## Additional Side Notes for Lesson 3

### Tokenization

What does it mean to 'tokenize' a phrase? Should we simply split on spaces? What are some of the subtleties?

Some of the issues could be:
* **Sparsity and vocabulary size:**
   - are 'swim', 'swimming', 'run', 'running' four completely independent tokens?
   - if those are fully independent then the vocabulary will need to be very large
   
* **Missing important relationships**
   - the example above makes the point clear
   
* **Dealing with numbers**
   - what about 'ranked place 7' vs '123 horses on the farm', vs '12765 BC was a rainy year'. Are we really reserving a token for each number that could show up?
 
In the following we will look at three tokenizers and see how handle these issues: the tokenizers of Google BERT and Roberta, obtained from Huggingface (https://huggingface.co/), and NLTK's wordtokenizer. 

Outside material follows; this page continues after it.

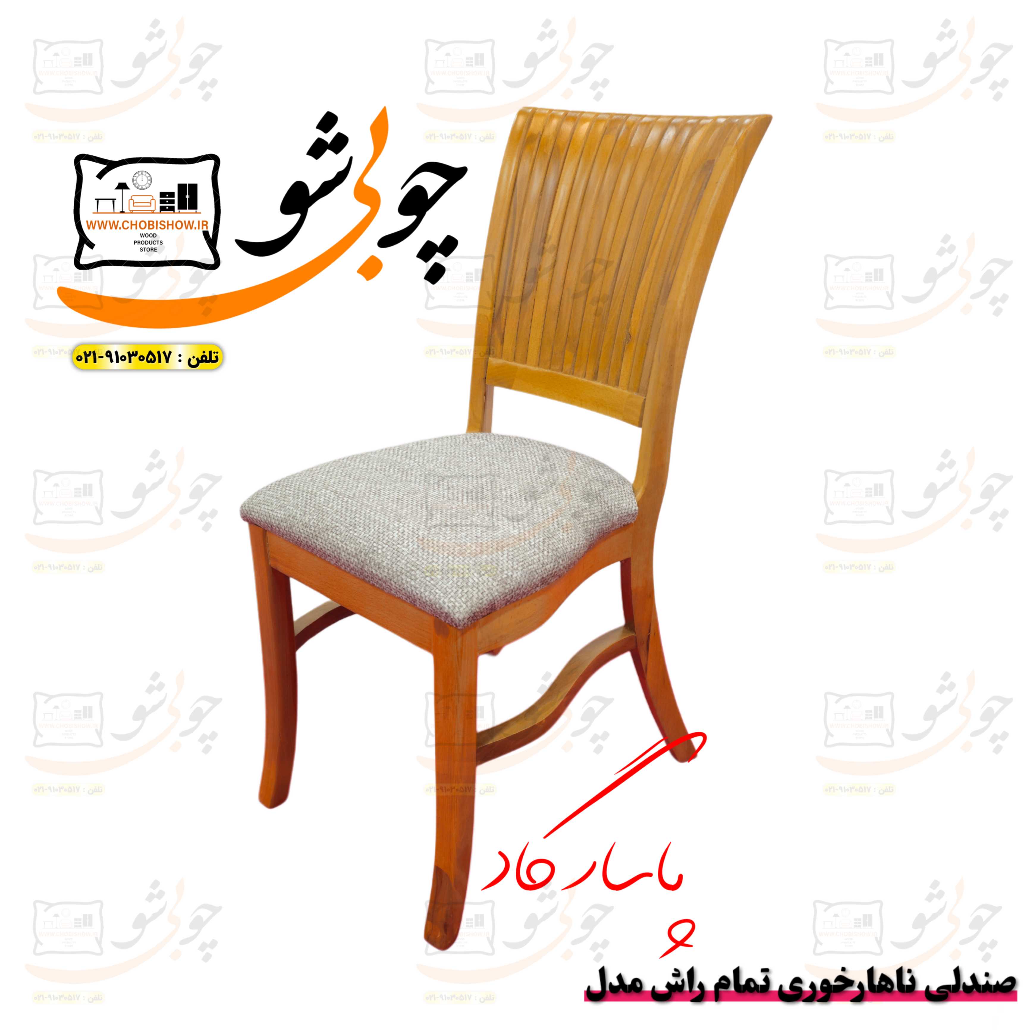 کمپانی چوبی شو یک سیستم یکپارچه تولید محصولات دکوراسیون میباشد که به راحتی جهت رفاه مشتریان عزیز محصولات خود را با قیمت تولید مستقیماً از طریق وب سایت رسمی خود www.chobishow.ir به شما عزیزان ارائه میکند. صندلی ناهارخوری مدل پاسارگاد از تولیدات جدید کمپانی چوبی شو میباشد که تمامی مراحل ساخت تولید آن در خود کمپانی صورت میپذیرد. جهت انتخاب رنگ بعد از ثبت سفارش شما همکاران ما در پشتیبانی تماس گرفته و مشاوره کاملی را خدمت شما عزیزان ارائه میدهند.
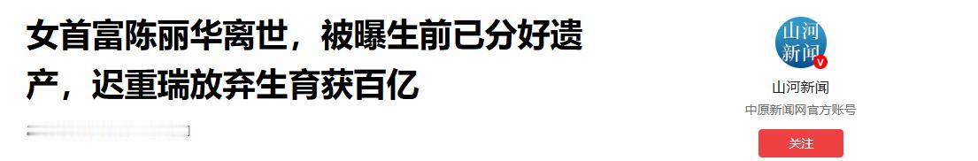 陈丽华曾立遗嘱:儿女每人100亿,余下归“唐僧”老公! 2026年4月7日,富华集团发布讣告,85岁的陈丽华在北京病逝。消息一出,各界人士纷纷哀悼。 可是身家四百七十亿的正黄旗世家后裔,钱怎么分,太抓人眼球了。 4月7日,随着富华集团的一声公告,85岁的“紫檀女王”陈丽华在北京走完了她传奇的一生。 她走后,留下了一个惊人的财富数字,但真正让全网议论纷纷的,是她那份分量极重的遗嘱。 陈丽华把手里的生意和宝贝分成了两摊:家里的几个孩子,每人分到了起步100亿的家产,还有稳稳当当的商业帝国接力棒,而陪了她35年的丈夫迟重瑞,则分到了两座紫檀博物馆,估值大概在200亿左右。 这份遗嘱一亮出来,网上说什么的都有,有人觉得迟重瑞这下可算“熬出头”了,毕竟顶着“吃软饭”的名声过了大半辈子,最后拿到了这么大一笔补偿,也有人觉得陈丽华算得真精,把能生钱的酒店、写字楼都给了亲骨肉,把那些只能看、难变现的木头疙瘩留给了外人。 可陈丽华真是一时糊涂或者偏心眼吗?你要是真这么想,那就太小看这位从裁缝一路杀进富豪榜的老太太了。 陈丽华这辈子算账从来没出过错,她心里比谁都明白,商业帝国和文化博物馆完全是两码事。 富华集团底下几百家公司、酒店和传媒业务,那是一台巨大的赚钱机器,这种重资产要是交给外人,底下的老臣子和亲戚谁能服气?只有流着陈家血脉的亲骨人往那一坐,这套庞大的体系才能不乱套地转下去。 所以,把公司给孩子,那是为了给企业上保险,也是为了守住陈家的根基,这根本不是偏心,而是最理智的商业传承。 再说留给迟重瑞的那两座博物馆,那可不是普通的房子,那是陈丽华半辈子的心血和理想,是她用无数金钱和时间浇灌出来的文化图腾。 这种东西没法拿到市场上像商品一样拍卖,真要卖了,那是对陈丽华一生追求的践踏,她要找的接班人,不是看谁有钱,而是看谁懂她、谁能耐得住寂寞去守着这些老物件。 迟重瑞恰好就是那个最合适的人,当年他演《西游记》里的唐僧红透半边天,是实打实的顶流,1990年跟陈丽华结婚时,两人其实是各有所长的结合。 这35年来,外界总用俗气的眼光看他们,觉得迟重瑞活得憋屈,其实,他退出演艺圈是为了分担家务,去直播、去巡视物业,那都是夫妻俩的分工。 他们两口子的相处模式,普通人确实有点看不懂,互相称呼对方为“您”,说话客客气气,看起来像在演戏。 但这就是人家老夫老妻之间最高级的尊重,不靠那种一时的激情,靠的是几十年的信任,陈丽华把博物馆交给他,不是觉得他穷要补偿他,而是相信这世界上只有迟重瑞能守住这口文化气。 很多人还在那儿算计谁多拿了100亿,谁少拿了钱,其实陈丽华算的是“责任”,孩子们扛起的是赚钱养家的担子,迟重瑞扛起的是文化传承的标尺。 一个是物质上的接班,一个是精神上的继承,这根本不是同一道题。 所以说,迟重瑞拿到的不是一份可以躺平的遗产,而是一份沉甸甸的托付,守住那些紫檀木,比做生意要难得多。 陈丽华这份遗嘱的高明之处就在于,她不仅把财富分了,还把每个人都放在了最合适的位置上。 对儿女,她尽到了母亲的责任,完成了权力的交接,对老公,她交出了真诚的信任,留下了最后的体面,对社会,她保住了那些珍贵的文化遗产,没让它们变成换钱的筹码。 面子和里子,她全都护得好好的,这才是这位“紫檀女王”最后也是最厉害的一招。 那些还在替迟重瑞算账的人,永远不会明白,接过一个女人半辈子的理想,那是比拿多少现金都要贵重的情分。 对此你怎么看? 信源:山河新闻

(Note: Both BERT and Roberta are pre-trained Transformer models that generate word embeddings (and more) in a sophisticated and context-aware way. (See Week 9, but it is ok to give a preview).)

We start by importing the transformer library and some other useful ones:

In [1]:
from transformers import BertTokenizer, RobertaTokenizer, DistilBertTokenizer
from nltk.tokenize import word_tokenize

In [2]:
bert_tokenizer = BertTokenizer.from_pretrained('bert-base-cased')
roberta_tokenizer =  RobertaTokenizer.from_pretrained('roberta-base') 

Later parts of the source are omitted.